I caught up with Jason up at the back side of the arch; on the hike back, I stopped to produce one more image of Broken Bow.

Broken Bow Arch, Willow Gulch, Grand Staircase-Escalante National Monument, Utah

It was late in the afternoon when we got back to the parking area. Ours was the only vehicle there. We’d met the owners of the vehicle we’d seen upon arrival shortly after reaching Broken Bow Arch–the only people we’d see on the trail all day.

It took about an hour and a half to head back to the dispersed camping site. A bit of scouting was done on the return, as we explored possible locations for the following morning’s hoped-for sunrise, but increasing cloudiness snuffed out any prospect of a sunset that evening and attention turned instead to plans for the following day–sunrise and beyond.

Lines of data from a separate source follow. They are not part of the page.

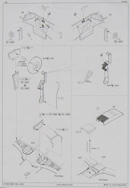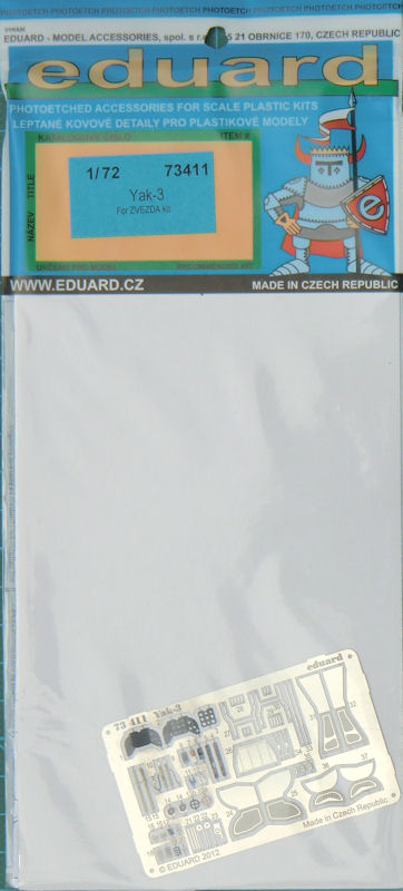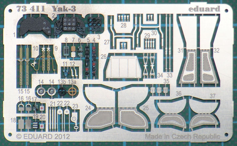 Für den gelungenen Jak-3 Snap-Bausatz von Zvezda in 1/72 hat eduard ein kleines Fotoätzteilset herausgebracht. Es enthält sämtliche Fahrwerksklappen und ein paar Teile für das Cockpit. So gibt es farbig bedruckte Teile für die Instrumente und auch schöne Sitzgurte sowie Handräder.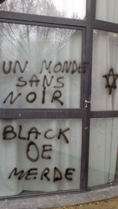 Ce lundi 6 janvier 2014, jour de la rentrée scolaire, à leur arrivée au collège, les élèves et professeurs ont pu découvrir un message raciste, « un monde sans #noir #black de merde », sur les vitres du collège Nelson #Mandela au Blanc-Mesnil en #France. Alors #Valls on dit quoi ?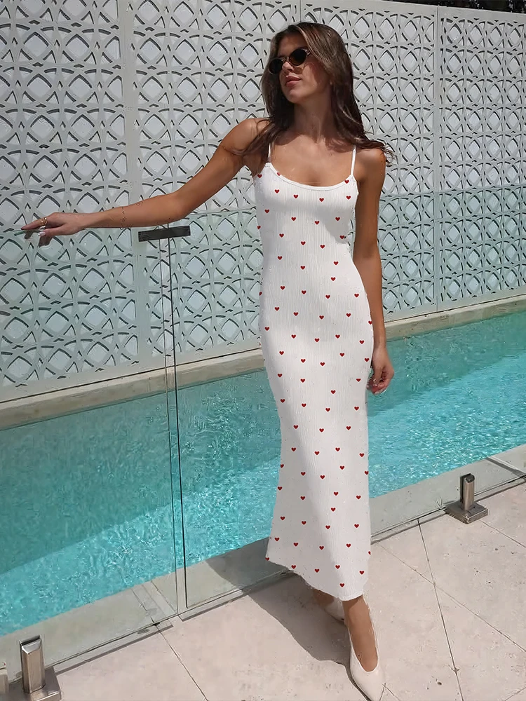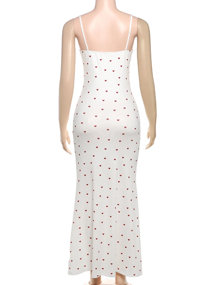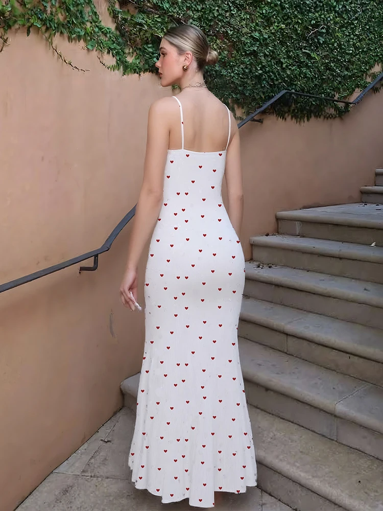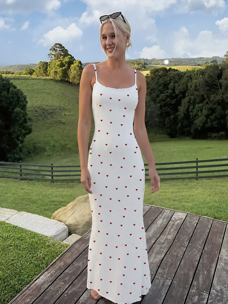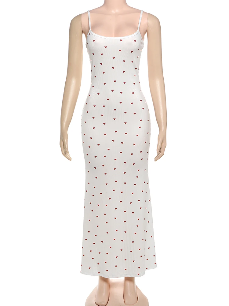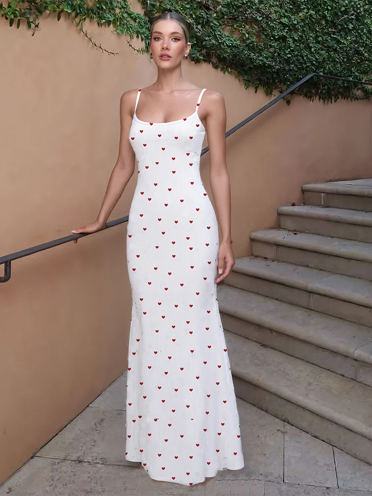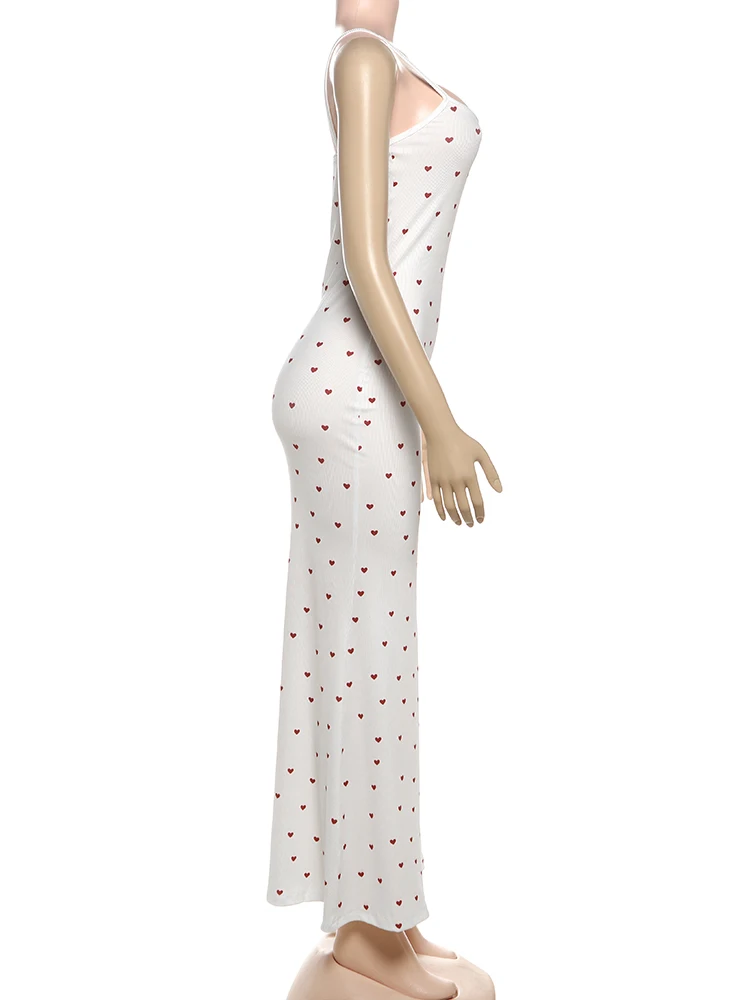Elegant Heart Print Ribbed Maxi Dress Women Summer Y2K Trend Square Collar Backless Robe Daily Casual Fashion Outfits

Posted by: kerryl29 | August 9, 2021

Thematic Interruption: Looking vs. Seeing

On the first morning of the desert Southwest trip, while photographing sunrise at Little Cut, I was in the process of packing up to leave when I noticed a composition with elements that appealed to me, so I stopped what I was doing to take a closer look.

Lone Tree Moonset, Little Cut, Coconino County, Arizona

It wasn’t the most spectacular set of elements that I’ve ever seen, but something about the scene appealed to me. This is how I roll in the field. I try not to look for images; rather, I try to see them. What’s the difference? It’s a matter of intent. In the former case (i.e. looking for images), you have something in mind. It may be a certain element or a specific style (or both), or something else entirely, but there’s something preconceived about the process. (Not that there’s anything inherently wrong with this. In fact, some photographers prefer to follow this very recipe.)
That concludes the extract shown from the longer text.